Bloggers at the Treasury

The personable personalities behind the Neo-Keynesian lunacy aside, it’s pretty much as bad as I expected:

On HAMP, officials were surprisingly candid. The program has gotten a lot of bad press in terms of its Kafka-esque qualification process and its limited success in generating mortgage modifications under which families become able and willing to pay their debt. Officials pointed out that what may have been an agonizing process for individuals was a useful palliative for the system as a whole. Even if most HAMP applicants ultimately default, the program prevented an outbreak of foreclosures exactly when the system could have handled it least. There were murmurs among the bloggers of “extend and pretend”, but I don’t think that’s quite right. This was extend-and-don’t-even-bother-to-pretend. The program was successful in the sense that it kept the patient alive until it had begun to heal. And the patient of this metaphor was not a struggling homeowner, but the financial system, a.k.a. the banks. Policymakers openly judged HAMP to be a qualified success because it helped banks muddle through what might have been a fatal shock. I believe these policymakers conflate, in full sincerity, incumbent financial institutions with “the system”, “the economy”, and “ordinary Americans”. Treasury officials are not cruel people. I’m sure they would have preferred if the program had worked out better for homeowners as well. But they have larger concerns, and from their perspective, HAMP has helped to address those.

Needless to say, I’m shocked. These programs are NEVER designed to help the people they are advertised as helping in order to justify their passage through Congress. It was just another form of bank bailout. The mistake, of course, is the assumption that the banks are going to be in any better shape to handle the flood of foreclosures that have been delayed since the “expected” economic recovery has proved illusory. The fact that the past situation was dangerous is no indication that the future one will be any less so.

Finally, our conversation turned to the current macroeconomic doldrums. Thankfully, there was none of the “let’s look on the bright side” chipperness of Timothy Geithner’s recent New York Times op-ed. Treasury officials didn’t downplay how bad things are. They did point out that considering the headwinds the economy faces, things are a bit better than they might be. The account went roughly like this: Last year, after the doldrums of March, the economy grew faster and performed better than most would have forecast. But recently it encountered two obstacles, one expected, the other an unexpected near cataclysm. The spurt of GDP growth due to post-panic inventory restocking was always going to end. But a sovereign debt crisis in Europe strong enough to shake confidence and financial markets in the US was not expected. Taking all that into account, things are a bit better than they might have been. One Treasury official pointed out that if we could return to the path of consensus growth forecasts from just before the troubles in Europe, we would have two or three difficult years ahead of us yet, but would be on a decent path. I took this as a kind of optimistic but plausible thought experiment on where we might be going…. I was impressed that Treasury officials had a pretty good understanding of the impediments to growth going forward. They understood that the core problem preventing business expansion isn’t access to capital but absence of demand.

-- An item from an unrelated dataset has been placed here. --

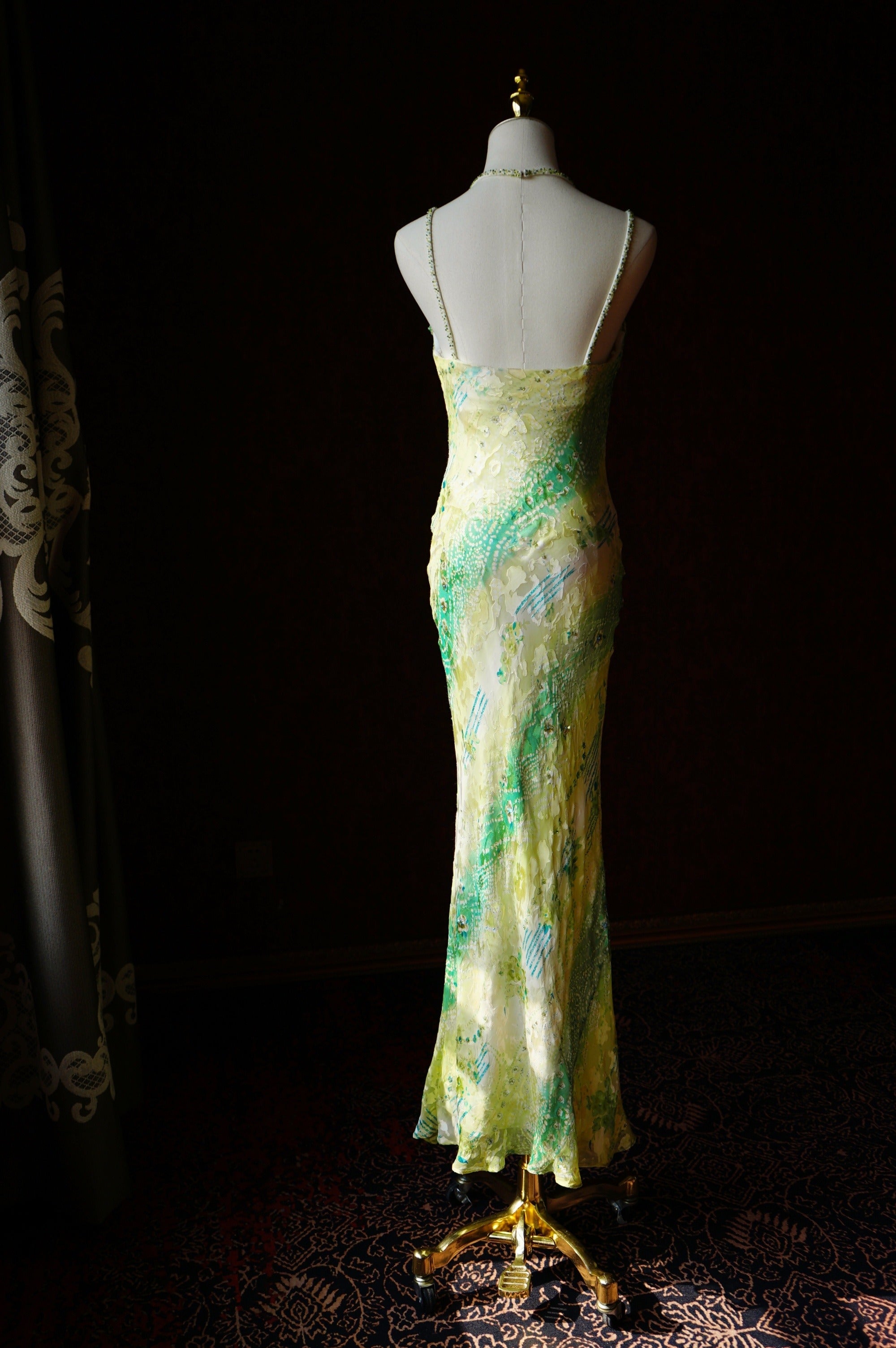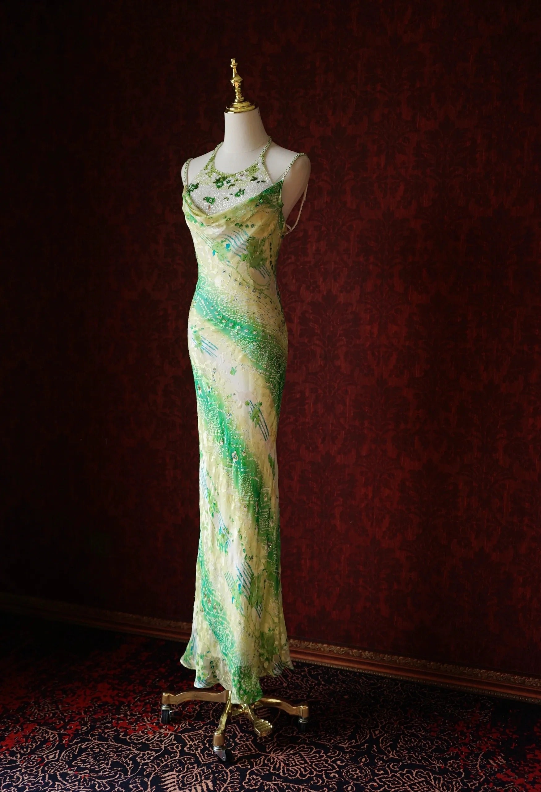 Evafashion Green Sheath Spaghetti Strap Floral Chiffon Long Prom Dress Beaded Formal Evening Dress Wedding Guest Dress HZ1024

I find this self-serving and ex post facto explanation to be entirely dubious. The Treasury gang might have as reasonably broken into song and blamed Canada. I was one of many economics observers to expect numerous sovereign debt crises, which is why I was writing about them in RGD before they happened. I expected them to begin in Ireland and Spain, not Dubai and Greece, but sovereign debt overload is an extraordinarily target-rich environment these days. The only country that comes up for discussion in this regard that isn’t a likely candidate for the next debt crisis is Italy because its debt/GDP issues don’t take into account its sizable black economy.

The grimly amusing thing is that we are presently on the precipice of another 2008-style meltdown and precisely none of these bloggers or Treasury officials appear to be aware of it. This is probably because they’re clearly all still subject to the conceptual limitations of their Neo-Keynesian models. The core problem isn’t either access to capital or an absence of demand, but rather a widespread inability to service debt or add more debt combined with the natural shifting back of the demand curve to its normal non-debt-inflated limits. And this isn’t a problem they can do much about; in fact, trying to keep the insolvent zombie banks afloat throughout the debt-deleveraging process is only going to waste incredible sums of money and extend the depression for years.

As Instapundit likes to say, the country is in the very best of hands.